Beginning with the line containing "4、当界面提示Throw away the" and going on through the line containing "Examen des esprits", the lines below are to be returned exactly, pictures excluded and nothing added.

GIVEN INFORMATION →
§ §

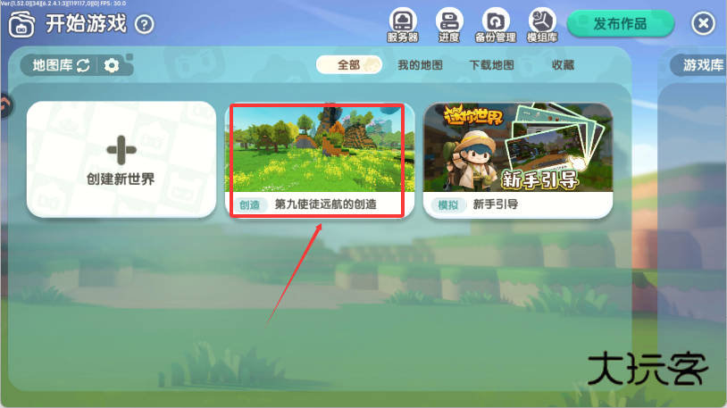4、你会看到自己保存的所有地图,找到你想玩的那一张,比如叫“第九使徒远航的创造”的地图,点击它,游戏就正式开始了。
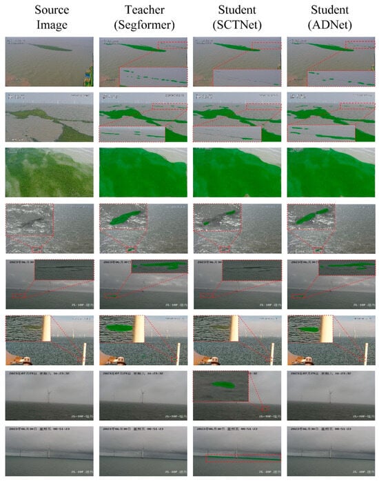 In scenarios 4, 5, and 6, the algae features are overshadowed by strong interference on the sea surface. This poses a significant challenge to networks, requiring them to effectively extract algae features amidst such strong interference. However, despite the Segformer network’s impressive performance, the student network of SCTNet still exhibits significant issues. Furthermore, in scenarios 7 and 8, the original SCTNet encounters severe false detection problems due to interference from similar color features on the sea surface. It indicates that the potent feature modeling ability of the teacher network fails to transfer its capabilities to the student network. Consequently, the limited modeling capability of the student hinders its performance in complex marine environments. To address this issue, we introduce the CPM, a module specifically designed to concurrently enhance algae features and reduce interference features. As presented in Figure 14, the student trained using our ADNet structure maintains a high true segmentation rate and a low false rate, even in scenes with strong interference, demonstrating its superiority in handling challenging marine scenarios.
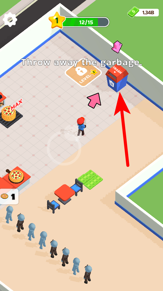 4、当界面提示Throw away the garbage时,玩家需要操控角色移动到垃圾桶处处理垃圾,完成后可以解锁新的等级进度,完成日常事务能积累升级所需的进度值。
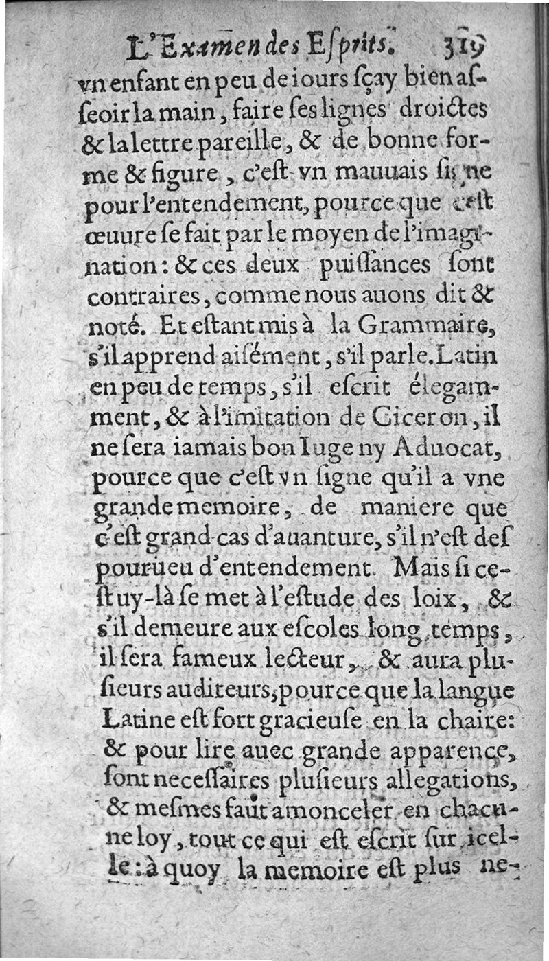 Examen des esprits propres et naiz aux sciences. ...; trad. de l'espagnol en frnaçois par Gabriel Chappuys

§ §

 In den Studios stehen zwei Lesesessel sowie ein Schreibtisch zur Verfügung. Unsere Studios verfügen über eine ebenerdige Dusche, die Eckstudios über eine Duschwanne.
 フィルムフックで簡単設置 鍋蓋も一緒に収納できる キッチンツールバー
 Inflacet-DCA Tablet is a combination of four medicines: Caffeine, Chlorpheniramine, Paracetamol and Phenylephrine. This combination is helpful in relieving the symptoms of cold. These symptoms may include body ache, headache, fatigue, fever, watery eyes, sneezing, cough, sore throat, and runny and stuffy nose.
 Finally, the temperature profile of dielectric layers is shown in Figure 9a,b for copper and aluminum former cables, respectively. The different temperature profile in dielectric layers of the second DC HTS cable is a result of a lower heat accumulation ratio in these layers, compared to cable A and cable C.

§ §

COMPLETED EXERCISE →
 4、当界面提示Throw away the garbage时,玩家需要操控角色移动到垃圾桶处处理垃圾,完成后可以解锁新的等级进度,完成日常事务能积累升级所需的进度值。
 Examen des esprits propres et naiz aux sciences. ...; trad. de l'espagnol en frnaçois par Gabriel Chappuys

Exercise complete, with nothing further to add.